EtagSupport - danielbodart/webfabric GitHub Wiki
ETags are a great way to reduce bandwidth usage at the expense of a slight increase of CPU and Memory usage on the server. WebFabric adds strong ETag support to any resource(static and dynamic) that is calculated based on the MD5 sum of the data returned in the body of the Http message. As a bonus it also adds the "Content-MD5" header so that clients that support it can verify the resource was not corrupted in transit.
Lastly it adds the current time as the "Last-Modified" date (ignoring the filesystem date if it was static content) so that if you update your SiteMesh decorators you will always see the result when the client refreshes their page even with no cache directives set.
As the Http spec states the origin servers should send ETags and Last-Modified when ever possible, this filter makes it very easy to do so.
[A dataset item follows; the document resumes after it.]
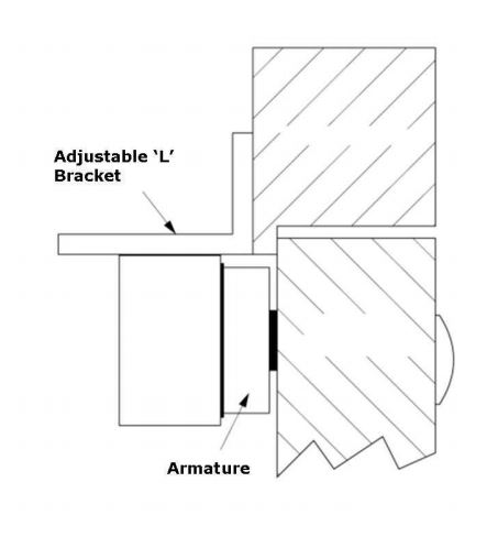 Slim Line L Bracket for 261-000 electro mag. To suit outward opening doors. SAA.

ETags are a mechanism that can be used with caching or without. A simple way to think about it is that caching controls whether the request will be sent to the server at all, while ETags (and Last-Modified) control whether to send a response to the client.
Lets look at some requests in action:
A client visits a website for the first time and requests http://www.webfabric.org/test/abc.txt
GET /test/abc.txt HTTP/1.1
Host: www.webfabric.org
The server responds
HTTP/1.1 200 OK
Last-Modified: Mon, 03 Aug 2009 20:46:47 GMT
Etag: "900150983cd24fb0d6963f7d28e17f72"
Content-MD5: kAFQmDzST7DWlj99KOF/cg==
Content-Type: text/plain
Content-Length: 3
abc
The next time the client goes to the site, it tells the server the version it currently has by the "If-None-Match" header
GET /test/abc.txt HTTP/1.1
Host: www.webfabric.org
If-Modified-Since: Mon, 03 Aug 2009 20:46:47 GMT
If-None-Match: "900150983cd24fb0d6963f7d28e17f72"
The server still processes the request but before sending the response it computes the MD5 hash and if it matches it returns
HTTP/1.1 304 Not Modified
instead of the actual response.
Now "abc" isn't a very large resource but if this was a Html page or a Xml feed the savings would be quite large. What's great about this is the client will always have the latest version so if you really can't cache (are you sure?) then at least make sure you don't keep sending the same content each time over and over.
The current version has been tested with the following jars (older versions should work)
-
sitemesh-2.4.jar (Used for faster byte buffering)
-
scala-library.jar (2.7.7)
-
commons-codec-1.3.jar (Used for Base64 and Hex encoding)
Add the following to [web-app]/WEB-INF/web.xml
within the web-app tag:
<filter>
<filter-name>etag</filter-name>
<filter-class>org.webfabric.http.StrongEtagFilter</filter-class>
</filter>
<filter-mapping>
<filter-name>etag</filter-name>
<url-pattern>/*</url-pattern>
</filter-mapping>
This filter should come before the SiteMesh filter declaration (or Content Encoding / modifying filters) but after any transfer encoding filters.
There are currently known bugs in Apache and Google App Engine that illegally modify the content without updating the ETag.